# Hackberry Hat (progress pics)



## Dennis Ford (May 26, 2012)

These pictures show the sequence I use to turn a hat. A fresh cut blank is needed; if the blank slings out water while spinning, it is fresh enough. I add 3/4" to the desired hat size and turn the band area to that diameter (Hat_13.jpg). It is important to turn the hat fairly quickly so it stays wet until finished. If I stop turning for more a couple minutes, I wrap the hat blank with a plastic bag. All sanding is done after shaping and drying. I am still learning how to make hats and my failure rate is ~50%.
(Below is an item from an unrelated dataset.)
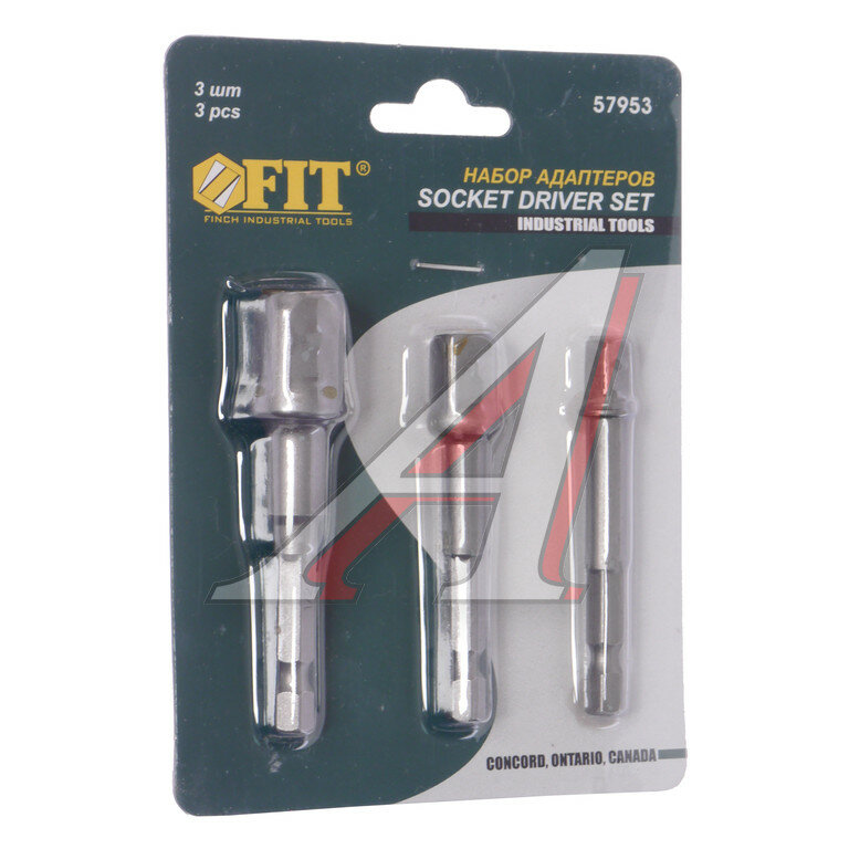 FIT IT Адаптеры под головки с хвостовика под биты , набор 3 шт., CrV. 57953

This hat failed in the bending jig (I must have put too much pressure on it). It now has a crack in the brim but appears to have found a home anyway.
The pictures are just cell phone pictures, sorry if they are fuzzy.

[attachment=5959]

[attachment=5960]

[attachment=5961]

[attachment=5962]

[attachment=5963]

[attachment=5964]

[attachment=5965]

[attachment=5966]

[attachment=5967]

[attachment=5968]


----------



## Dennis Ford (May 26, 2012)

I hope it is OK to post this many pictures.

[attachment=5969]

[attachment=5970]

[attachment=5971]

[attachment=5972]

[attachment=5973]

[attachment=5974]

[attachment=5975]

[attachment=5976]

[attachment=5977]

[attachment=5978]


----------



## Dennis Ford (May 26, 2012)

Rest of the sequence.

[attachment=5979]

[attachment=5980]

[attachment=5981]

[attachment=5982]

[attachment=5983]

[attachment=5984]

[attachment=5985]

[attachment=5986]


----------



## Mike1950 (May 26, 2012)

Very cool process -I do not turn but thanks for showing us.


----------



## brown down (May 26, 2012)

thanks Dennis, i tried one the other day but couldn't see how thin i was at the top and it blew apart on me. where did you get that snake lite from? 
thats a great idea to get deep inside the hat to see how thin you are.


----------



## DKMD (May 26, 2012)

Too cool! I've never attempted a hat, but it's on my turning 'bucket list'. Sorry to had about the crack, but I'm glad it found a home anyway!


----------



## BangleGuy (May 26, 2012)

Holy Smokes man! This is too cool. That is a whole lotta wood chips for a hat Thanks for sharing!


----------



## NYWoodturner (May 27, 2012)

Dennis - Thanks for sharing. The series of pictures serves as a very thorough tutorial. Well done !
Scott


----------



## Mizer (May 27, 2012)

That is way cool!!


----------



## txpaulie (May 28, 2012)

Wow Dennis!

Thanks for sharing the tutorial pics!

Beauty!

p


----------



## myingling (May 28, 2012)

Neat ,,,,Thanks for sharin


----------



## NeilYeag (May 29, 2012)

Wow, I know practicaly nothing about wood turning but that is totally amazing.

Neil


----------



## Mike Jones (Jun 12, 2012)

Your method for chucking the piece and lighting it from the inside makes more sense to me than Johannes lighted chuck method. will you show us the finished hat? Thanks for your sequenced tutorial too!!


----------



## The_Architect_23 (Jun 15, 2012)

That IS Awesome!
Makes Me Want A Larger Lathe :fit:


----------